▶ **TASK**
From the first record through the last, copy each one exactly.

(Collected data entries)
Content starts

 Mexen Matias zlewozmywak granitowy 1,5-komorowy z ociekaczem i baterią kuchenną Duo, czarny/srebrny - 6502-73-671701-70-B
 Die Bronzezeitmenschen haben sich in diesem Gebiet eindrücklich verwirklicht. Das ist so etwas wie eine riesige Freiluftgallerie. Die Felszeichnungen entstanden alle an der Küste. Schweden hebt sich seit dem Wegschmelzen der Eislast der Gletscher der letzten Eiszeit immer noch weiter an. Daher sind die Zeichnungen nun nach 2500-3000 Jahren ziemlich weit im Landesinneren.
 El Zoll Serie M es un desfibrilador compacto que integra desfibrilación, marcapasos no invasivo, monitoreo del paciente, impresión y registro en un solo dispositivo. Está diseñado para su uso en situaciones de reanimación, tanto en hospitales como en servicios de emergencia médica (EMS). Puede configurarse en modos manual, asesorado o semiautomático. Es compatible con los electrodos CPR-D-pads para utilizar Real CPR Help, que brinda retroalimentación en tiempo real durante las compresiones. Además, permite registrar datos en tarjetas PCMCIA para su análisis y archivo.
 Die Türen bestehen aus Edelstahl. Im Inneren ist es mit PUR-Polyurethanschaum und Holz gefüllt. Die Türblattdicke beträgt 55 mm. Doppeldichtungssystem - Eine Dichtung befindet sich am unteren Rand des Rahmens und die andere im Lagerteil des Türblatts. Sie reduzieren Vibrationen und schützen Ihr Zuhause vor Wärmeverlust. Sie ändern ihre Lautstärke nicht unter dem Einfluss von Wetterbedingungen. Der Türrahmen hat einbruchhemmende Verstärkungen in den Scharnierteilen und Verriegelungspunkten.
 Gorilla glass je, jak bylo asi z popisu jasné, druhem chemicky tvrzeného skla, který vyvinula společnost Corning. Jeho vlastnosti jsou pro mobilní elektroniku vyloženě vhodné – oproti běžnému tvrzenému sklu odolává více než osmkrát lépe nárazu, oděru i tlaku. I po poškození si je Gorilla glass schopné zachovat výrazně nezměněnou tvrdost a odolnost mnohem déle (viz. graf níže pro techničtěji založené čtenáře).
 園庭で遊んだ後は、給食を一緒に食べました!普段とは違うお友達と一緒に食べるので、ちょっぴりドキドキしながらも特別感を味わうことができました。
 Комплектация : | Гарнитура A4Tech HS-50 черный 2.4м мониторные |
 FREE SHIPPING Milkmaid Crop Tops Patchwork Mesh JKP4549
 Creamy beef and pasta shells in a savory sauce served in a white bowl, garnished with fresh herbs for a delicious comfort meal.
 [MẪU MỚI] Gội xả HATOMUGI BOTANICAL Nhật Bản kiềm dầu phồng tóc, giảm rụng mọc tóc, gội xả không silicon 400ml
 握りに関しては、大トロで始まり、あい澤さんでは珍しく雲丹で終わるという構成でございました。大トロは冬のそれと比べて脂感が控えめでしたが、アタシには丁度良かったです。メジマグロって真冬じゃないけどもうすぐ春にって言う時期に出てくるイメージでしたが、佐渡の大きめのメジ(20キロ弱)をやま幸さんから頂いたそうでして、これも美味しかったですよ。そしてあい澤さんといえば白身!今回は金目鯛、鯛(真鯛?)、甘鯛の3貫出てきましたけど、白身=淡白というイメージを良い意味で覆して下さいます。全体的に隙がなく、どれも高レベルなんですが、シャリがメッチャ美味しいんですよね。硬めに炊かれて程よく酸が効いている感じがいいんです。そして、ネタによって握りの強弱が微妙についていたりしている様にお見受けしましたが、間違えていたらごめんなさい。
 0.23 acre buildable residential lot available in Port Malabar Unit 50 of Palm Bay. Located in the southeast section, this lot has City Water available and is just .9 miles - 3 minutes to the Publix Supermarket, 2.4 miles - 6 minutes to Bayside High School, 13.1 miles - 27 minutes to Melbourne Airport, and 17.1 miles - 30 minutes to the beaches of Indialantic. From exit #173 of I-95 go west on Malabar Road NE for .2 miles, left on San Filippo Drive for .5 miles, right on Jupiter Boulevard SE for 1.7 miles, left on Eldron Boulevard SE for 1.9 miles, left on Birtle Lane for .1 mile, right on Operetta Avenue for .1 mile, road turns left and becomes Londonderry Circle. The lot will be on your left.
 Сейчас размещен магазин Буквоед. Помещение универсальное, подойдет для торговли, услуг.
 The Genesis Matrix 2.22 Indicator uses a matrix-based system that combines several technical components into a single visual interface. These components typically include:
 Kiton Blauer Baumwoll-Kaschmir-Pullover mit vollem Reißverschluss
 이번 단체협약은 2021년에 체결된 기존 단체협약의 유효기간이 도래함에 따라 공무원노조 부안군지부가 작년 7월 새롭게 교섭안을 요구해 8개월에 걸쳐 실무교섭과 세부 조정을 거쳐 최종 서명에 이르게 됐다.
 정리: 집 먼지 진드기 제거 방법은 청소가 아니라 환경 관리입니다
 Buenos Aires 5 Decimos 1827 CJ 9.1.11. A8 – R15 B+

Content ends

▶ **FINAL ANSWER**
 Mexen Matias zlewozmywak granitowy 1,5-komorowy z ociekaczem i baterią kuchenną Duo, czarny/srebrny - 6502-73-671701-70-B
 Die Bronzezeitmenschen haben sich in diesem Gebiet eindrücklich verwirklicht. Das ist so etwas wie eine riesige Freiluftgallerie. Die Felszeichnungen entstanden alle an der Küste. Schweden hebt sich seit dem Wegschmelzen der Eislast der Gletscher der letzten Eiszeit immer noch weiter an. Daher sind die Zeichnungen nun nach 2500-3000 Jahren ziemlich weit im Landesinneren.
 El Zoll Serie M es un desfibrilador compacto que integra desfibrilación, marcapasos no invasivo, monitoreo del paciente, impresión y registro en un solo dispositivo. Está diseñado para su uso en situaciones de reanimación, tanto en hospitales como en servicios de emergencia médica (EMS). Puede configurarse en modos manual, asesorado o semiautomático. Es compatible con los electrodos CPR-D-pads para utilizar Real CPR Help, que brinda retroalimentación en tiempo real durante las compresiones. Además, permite registrar datos en tarjetas PCMCIA para su análisis y archivo.
 Die Türen bestehen aus Edelstahl. Im Inneren ist es mit PUR-Polyurethanschaum und Holz gefüllt. Die Türblattdicke beträgt 55 mm. Doppeldichtungssystem - Eine Dichtung befindet sich am unteren Rand des Rahmens und die andere im Lagerteil des Türblatts. Sie reduzieren Vibrationen und schützen Ihr Zuhause vor Wärmeverlust. Sie ändern ihre Lautstärke nicht unter dem Einfluss von Wetterbedingungen. Der Türrahmen hat einbruchhemmende Verstärkungen in den Scharnierteilen und Verriegelungspunkten.
 Gorilla glass je, jak bylo asi z popisu jasné, druhem chemicky tvrzeného skla, který vyvinula společnost Corning. Jeho vlastnosti jsou pro mobilní elektroniku vyloženě vhodné – oproti běžnému tvrzenému sklu odolává více než osmkrát lépe nárazu, oděru i tlaku. I po poškození si je Gorilla glass schopné zachovat výrazně nezměněnou tvrdost a odolnost mnohem déle (viz. graf níže pro techničtěji založené čtenáře).
 園庭で遊んだ後は、給食を一緒に食べました!普段とは違うお友達と一緒に食べるので、ちょっぴりドキドキしながらも特別感を味わうことができました。
 Комплектация : | Гарнитура A4Tech HS-50 черный 2.4м мониторные |
 FREE SHIPPING Milkmaid Crop Tops Patchwork Mesh JKP4549
 Creamy beef and pasta shells in a savory sauce served in a white bowl, garnished with fresh herbs for a delicious comfort meal.
 [MẪU MỚI] Gội xả HATOMUGI BOTANICAL Nhật Bản kiềm dầu phồng tóc, giảm rụng mọc tóc, gội xả không silicon 400ml
 握りに関しては、大トロで始まり、あい澤さんでは珍しく雲丹で終わるという構成でございました。大トロは冬のそれと比べて脂感が控えめでしたが、アタシには丁度良かったです。メジマグロって真冬じゃないけどもうすぐ春にって言う時期に出てくるイメージでしたが、佐渡の大きめのメジ(20キロ弱)をやま幸さんから頂いたそうでして、これも美味しかったですよ。そしてあい澤さんといえば白身!今回は金目鯛、鯛(真鯛?)、甘鯛の3貫出てきましたけど、白身=淡白というイメージを良い意味で覆して下さいます。全体的に隙がなく、どれも高レベルなんですが、シャリがメッチャ美味しいんですよね。硬めに炊かれて程よく酸が効いている感じがいいんです。そして、ネタによって握りの強弱が微妙についていたりしている様にお見受けしましたが、間違えていたらごめんなさい。
 0.23 acre buildable residential lot available in Port Malabar Unit 50 of Palm Bay. Located in the southeast section, this lot has City Water available and is just .9 miles - 3 minutes to the Publix Supermarket, 2.4 miles - 6 minutes to Bayside High School, 13.1 miles - 27 minutes to Melbourne Airport, and 17.1 miles - 30 minutes to the beaches of Indialantic. From exit #173 of I-95 go west on Malabar Road NE for .2 miles, left on San Filippo Drive for .5 miles, right on Jupiter Boulevard SE for 1.7 miles, left on Eldron Boulevard SE for 1.9 miles, left on Birtle Lane for .1 mile, right on Operetta Avenue for .1 mile, road turns left and becomes Londonderry Circle. The lot will be on your left.
 Сейчас размещен магазин Буквоед. Помещение универсальное, подойдет для торговли, услуг.
 The Genesis Matrix 2.22 Indicator uses a matrix-based system that combines several technical components into a single visual interface. These components typically include:
 Kiton Blauer Baumwoll-Kaschmir-Pullover mit vollem Reißverschluss
 이번 단체협약은 2021년에 체결된 기존 단체협약의 유효기간이 도래함에 따라 공무원노조 부안군지부가 작년 7월 새롭게 교섭안을 요구해 8개월에 걸쳐 실무교섭과 세부 조정을 거쳐 최종 서명에 이르게 됐다.
 정리: 집 먼지 진드기 제거 방법은 청소가 아니라 환경 관리입니다
 Buenos Aires 5 Decimos 1827 CJ 9.1.11. A8 – R15 B+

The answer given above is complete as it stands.